|
Titel: Im Königreich der Kälte Eine Besprechung / Rezension von Erik Schreiber |
Light ist ein junges Mädchen, das zur Zeit allein in ihrem großen Haus eines irischen Herrensitzes wohnt, in dem der Großvater eine Rohrpost installierte. Mit dieser kann man seit Generationen von Zimmer zu Zimmer Nachrichten schicken. Altmodisch, aber wirkungsvoll. Seit ihr Vater Gordon Fitzwilliam, ein Polarforscher, in der Arktis verschwand, lebt sie hier nur noch mit ihrem Butler. Und heute soll ihr Vater begraben werden. Nur angedeutet, denn er ist verschwunden und noch nicht wieder gefunden. Doch der Bürokratie muss Genüge getan - und dafür der Butler zu ihrem Vormund und Vermögensverwalter werden.
Light ist ein besonderes Mädchen. Ihre Mutter Amuruq war eine Inuit, ihr Vater ein Ire. Darüber hinaus ist sie ein Albino mit weißen Haaren und rötlichen Augen. Sie geht mit Butler zur Beerdigung. Auf den Bäumen zur Beerdigung sitzen ungewöhnlich viele Raben. Light macht sich darüber ein paar Gedanken, findet aber keine Erklärung. Wenig später wird sie von einem Falken angegriffen, aber Butler, der scheinbar mit Dohlen und Raben sich verständigen kann, hilft ihr.

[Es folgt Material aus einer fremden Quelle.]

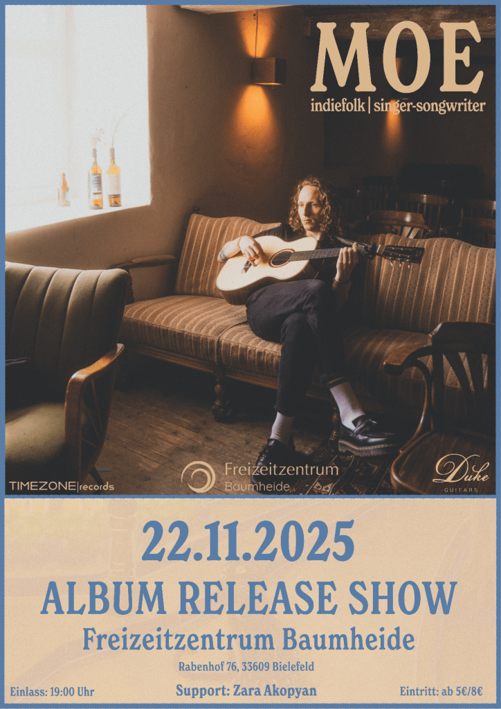 Der ostwestfälische Singer-Songwriter Moe alias Moritz Herrmann hat zum Pre-Releasekonzert seines neuen Albums „The Night Ain’t Calling My Name Anymore“ ins FZZ Baumheide Bielefeld eingeladen. Der Abend gestach mit viel Musik und Geschichten rund um die am 28.11.2025 erscheinende fünfte Veröffentlichung des gebürtigen Bielefelders.

Dies ist jedoch erst der Anfang einer fesselnden Geschichte um ein junges Mädchen, das sich auf den Weg macht, ihren Vater in der Arktis zu suchen.
Autor Nick Lane führt uns in die eisige Welt der Arktis, den Lebens- und Kulturraum der Eskimos, in ihrer eigenen Sprache Inuit genannt. Mit der Kultur lernen wir auch den vielfältigen Götterhimmel der eisigen Polarwelt kennen, etwas ganz anderes als das, was die Leser in Deutschland erwarten. Light trifft auf die mystischen Wesen in einem gefährlichen Abenteuer. Die lebendige Erzählung, die die unbekannte Arktis vor dem inneren Auge des Leser auferstehen lässt, reißt die Leser mit. Die Legenden der Inuit und die Beschreibungen des Lebens in der Arktis sind faszinierend. In einem Lebensraum, in dem man töten muss, um überleben zu können, kann es keine Märchen wie in Mitteleuropa geben. Nick Lake nimmt seine Leser mit in eine Welt die es tatsächlich gibt, die für die Mitteleuropäer fremd ist. Erst die Fabelwesen, halb Mensch halb Bär oder halb Mensch halb Hai, der Mythologie der Inuit entnommen, ergeben einen spannenden Fantasyroman. Ein paar Ungereimtheiten weniger, ein etwas gelungenerer Spannungsbogen und eine neue Geschichte. Das ist es, was ich mir von Nick Lake wünsche.